The Apostle Peter then asked Jesus a reasonable question – how often do we need to try to reconcile with someone who betrays us, or fails us or disappoints us, or sins against us – 7 times? Jesus replied to that saying not 7 but 70 times seven times.
But even that exaggerated number doesn’t do justice to describing the mercifulness of God. For then Jesus tells us this parable of the unforgiving servant – a man who is so far in debt he will never ever be able to repay all that has been given to him, even if he had 3000 lifetimes to do it.
Love is not based in mathematical logic or reason. If we focus on “reasonable” questions, we won’t choose to love as Jesus tells us to.
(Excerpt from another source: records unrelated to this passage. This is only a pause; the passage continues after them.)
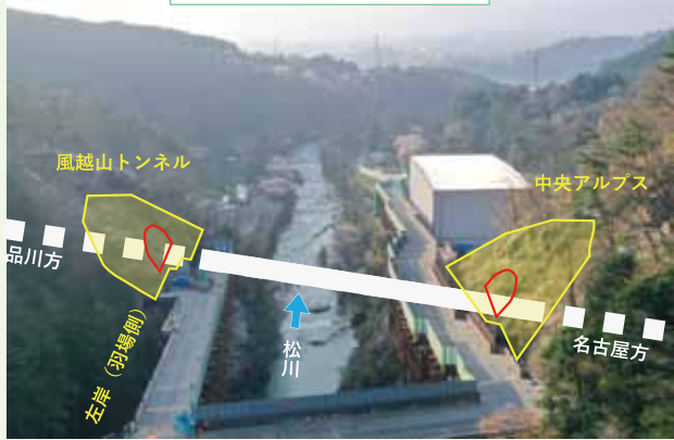
トンネル坑口部の状況

妙琴公園からの発生土は黒田工区、下久堅へ工事用材料として運搬されています。工事用車両は市道大休妙琴線を上り、工事用仮橋を使って松川を渡り、県道飯田南木曾線を下るワンウェイで運行しており、5月は片道210台/日(月最大)の通行台数となっています。
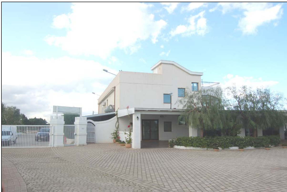
Particolare ristorante e pergolato da mantenere a carattere fisso - permanente
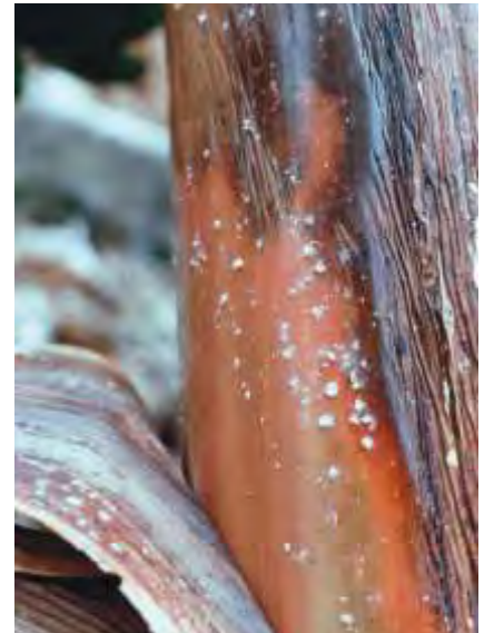
Cochinilla en rolo

Existen enemigos naturales de la cochinilla que se comercializan en Tenerife. Entre ellos destacamos:
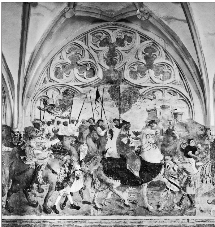
6. Zug der Heiligen Drei Könige, Nordwand, 1504, Filiationkirche St. Primus und Felicianus oberhalb Kamnik

vertraut war, ebenso mit der Malerei Wiens und Kölns. Immer wieder werden in der Literatur auch die Einflüsse des graphischen Werks Albrecht Dürers betont. 7 Dürers Anbetung der Heiligen Drei Könige , die 1511 im Zyklus Marienleben erschien, entstand um 1503. 8 Die Abhängigkeit davon ist in der Komposition und in den architektonischen Details der Anbetung tatsächlich bereits im Jahre 1504 deutlich zu erkennen, was auf jeden Fall bemerkenswert ist. Die Einflüsse von Dürers Graphiken sind im Bühnenhaften Schauplatz mit dem Turm, dem fast niedergerissenen Pfeiler und der zerstörten Wand, weiterhin in der Haltung des Kindes und der Maria, sowie in den gemalten Pferden zu beobachten, die sich durch die betonte Körperlichkeit und anatomische Präzision auszeichnen. Dürers Einfluss ist ebenfalls in der Darstellung des Raumes in der Verkündigungszene erkennbar, seinen ersten Graphiken aus dem Zyklus Marienleben ist allerdings auch die Architektur in der Szene Marias Tempelgang verwandt. Einige Verbindungen sind ersichtlich aus der Szene Verlobung Mariens . Dabei handelt es sich nicht um eine genaue Kopie der Graphiken von Dürer, sondern um frei übernommene Motive, die der Maler adaptierte. 9 In diesem Zusammenhang ragt eine weibliche
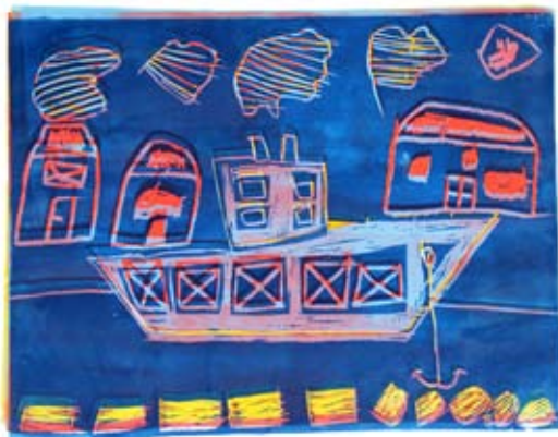
Žan Farazin, 7. a
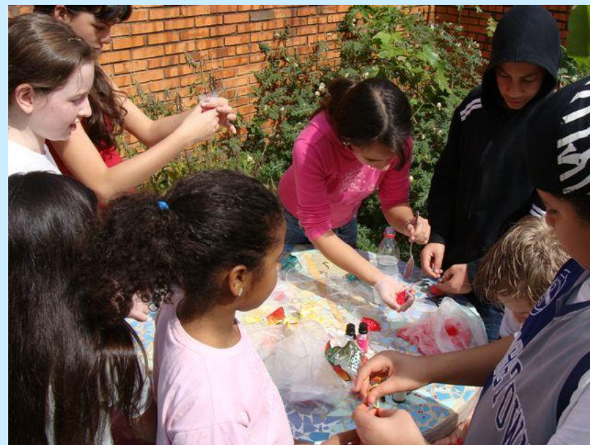
Oficina de sachet.
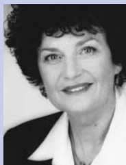
Professeur Fiona Stanley, AC

La Marraine et principale oratrice australienne pour l'inauguration du XXIV ème Congrès de l'OMEP 2004 est l'Australienne de l'année 2003, le Professeur Fiona Stanley. Reconnue internationalement pour ses travaux de recherche sur la santé des enfants, le Professeur Stanley s'est fixé pour but professionnel d'obtenir l'engagement de l'Australie à améliorer considérablement la santé et le bien-être des enfants et des jeunes gens.
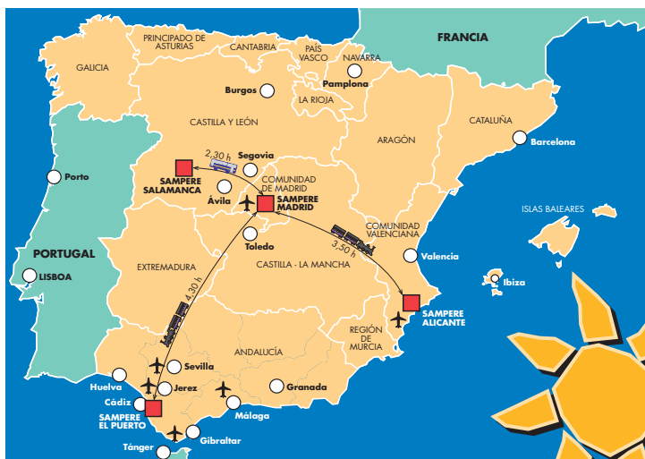
Situación de las cuatro Escuelas Sampere en España

Tausende von Kursteilnehmern zieht es nicht nur einmal, sondern immer wieder in die mediterrane Wärme Spaniens. Spanien bietet eine perfekte Kombination von Kultur und Klima: historische Städte, großartige Museen, lange Strände und prächtige Landschaften. Hinzu kommen die entspannte mediterrane Lebensart und die abwechslungsreiche Gastronomie. Die Spanier sind ein gastfreundliches, warmherziges Volk, dessen Lebensfreude sich in Musik und Tanz widerspiegelt. Das heutige Spanien ist Mitglied der EU und genießt weltweites Ansehen für seine Mode, seine Kunst und seine Filmproduktionen. Spanien erwartet Sie!
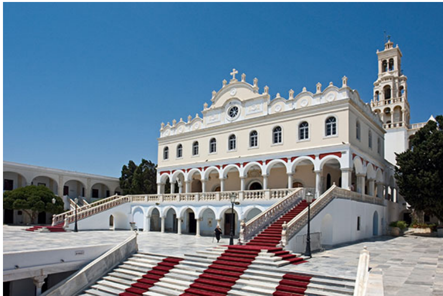
Храм Богородицы Мегалохарис.

Тиносцы взялись за реконструкцию храма, явившегося из-под земли. Более полувека велись работы. И сегодня, глядя на Храм Евангелистрии, сложно поверить, что на таком маленьком островке, как Тинос смогли возвести столь величественное строение, удивляющее роскошью интерьера, выстланными мрамором дворами и внутренними деталями убранства, украшенными искуснейшей мраморной резьбой.
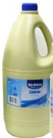
20380- 2,5 lt. Cx.6
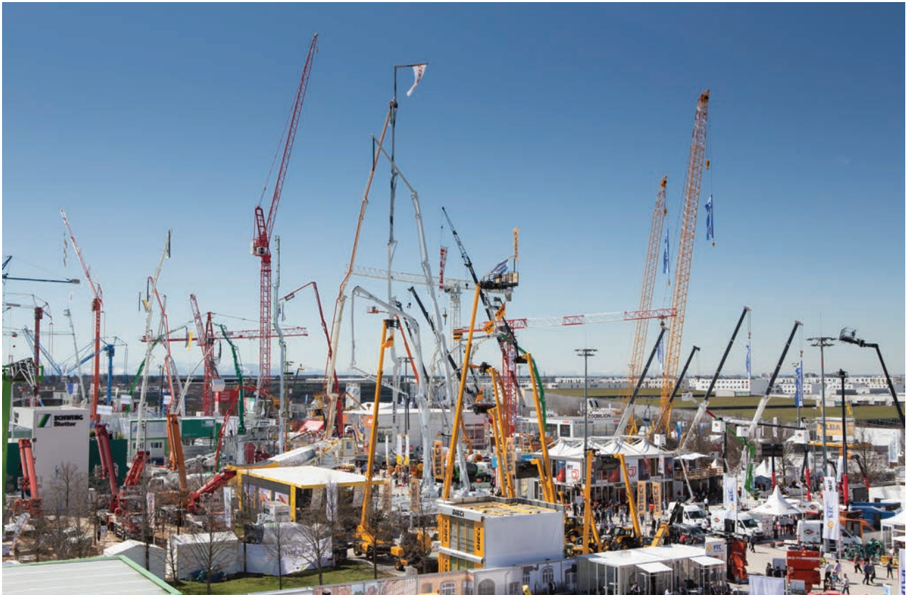
Tipična vizura za vrijeme trajanja sajma Bauma

na tome sajmu predstaviti novosti te se u skladu s time očekuje čitav niz međunarodnih premijera povezanih s mehanizacijom za građevinarstvo, građevinskim materijalom i rudarstvom, kao i građevinskim vozilima i opremom. Na sajmu se sklapaju i konkretni poslovi.
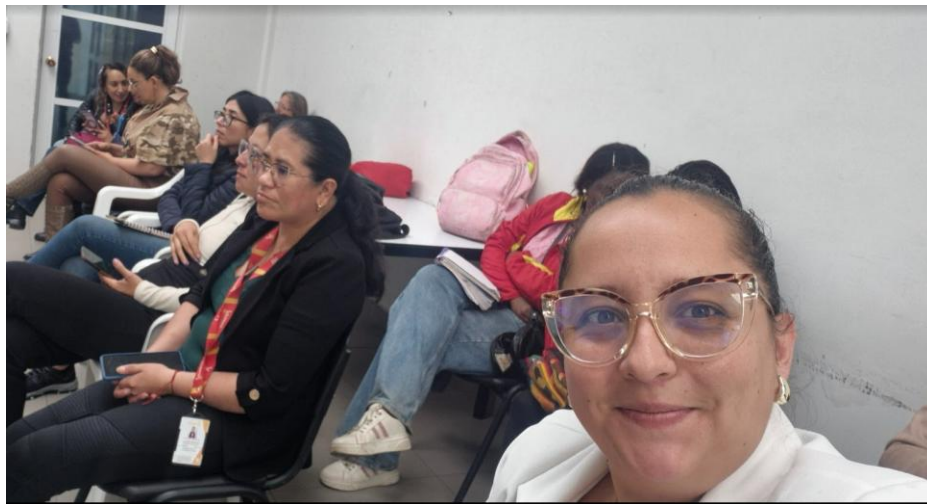
Ilustración 4 – UAT Extraordinaria

We do not have to pay for our sins, Christ has already done that. The debt for our trespasses has been paid in full. Forgiveness was given to us with a huge price paid by God, but we didn’t pay that price. God didn’t simply cancel our debt, He paid for it in His own blood. Unlike the king in the parable who simply cancelled the debt, zeroed it out and wrote it off as if it never existed. Our God chooses to pay for our sins, our debt, our trespasses. He could simply forgive us because He is so rich in mercy, yet instead He pays for it with His death on the cross! He chooses to suffer for us. NO cheap grace here. No cancelling of a debt with no consequences for the debt. God shows His absolute love and grace for us in choosing to suffer and die for us. By His resurrection He shows the debt is cancelled and can never be reinstated no matter how much more we sin, trespass, get in debt. This is why grace is so amazing.
God not only gives us all we need for salvation and eternal life – God pays for it. He doesn’t give us something that doesn’t cost Him anything. God pays with His life that we might be forgiven and enter into His Kingdom.
All God asks from us is that we forgive one another, show mercy to one another, be patient with one another, defer our anger for as long as it takes us to get over it.